PHMSA chief: Silvertip oil line surpassed burial rules

Nick Snow
OGJ Washington Editor

WASHINGTON, DC, July 14 -- ExxonMobil Pipeline Co. (Empco) exceeded burial requirements for its Silvertip crude oil pipeline in Montana before it ruptured on July 1 and leaked 1,000 bbl into the Yellowstone River, the director of the US Pipeline and Hazardous Materials Safety Administration told a US House Transportation and Infrastructure subcommittee.

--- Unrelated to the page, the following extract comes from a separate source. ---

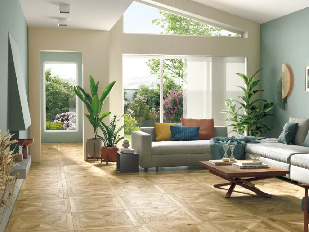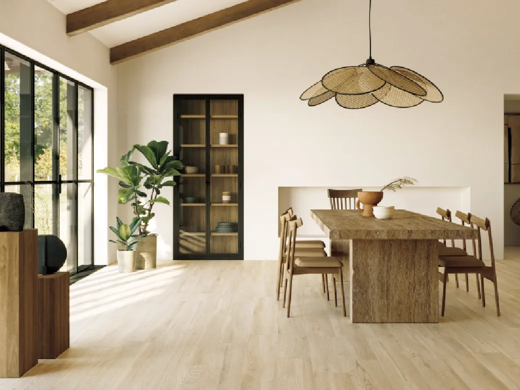 天然木に包まれる柔らかさと温かみのある表情を再現した「マエストリ」。最新のインクジェット技術により、本物の質感が緻密に吹き込まれています。職人の手仕事を感じる寄木細工のパーケットタイプも加え、レトロな雰囲気の演出にも最適です。

PHMSA requires at least 4 ft of cover when a pipeline crosses a river that is 100 ft wide, Cynthia L. Quarterman said during a July 14 Railroads, Pipelines, and Hazardous Materials Subcommittee hearing on the pipeline rupture and leak near Laurel, Mont. When ExxonMobil performed a depth-of-cover (DOC) survey in December 2010, it found 5 ft of cover in the riverbed and 12 ft of cover on the crossing’s south side, she said.

Empco performed the survey after PHMSA and the city of Laurel jointly reviewed rising river flow and erosion near the river’s south bank and expressed concern, Quarterman said. When flooding became heavy the following May, she said PHMSA inspectors began monitoring the river’s flow rates daily and visually observed the pipeline’s crossing biweekly. Empco confirmed there was at least 12 ft of cover on the bank in June after PHMSA asked for another DOC inspection, she said.

She said PHMSA also alerted pipeline operators along the upper Missouri River and its tributaries of risks from high runoff in early June and urged them to take appropriate actions.

The US Department of Transportation agency has routinely inspected the pipeline for years, according to Quarterman. “As recently as June 6-10, 2011, PHMSA personnel performed an integrity management field inspection on the Silvertip pipeline,” she said. It reviewed Empco’s 2009 internal inspection data for the line and found no violations. It did find, however, an anomaly at the river crossing that was below required repair conditions under federal pipeline safety regulations, she said.

August retrieval
PHMSA will investigate the matter thoroughly and not allow Empco to restart the pipeline until it is clear that it is free of safety and environmental risks, Quarterman pledged. She said that water in the river could subside to a point where the ruptured section can be retrieved sometime in August. “ExxonMobil will be responsible for exposing the pipeline, and we will be there to take custody of it once it comes from the water,” she told the subcommittee. Finding the rupture’s cause could take several months, Quarterman added.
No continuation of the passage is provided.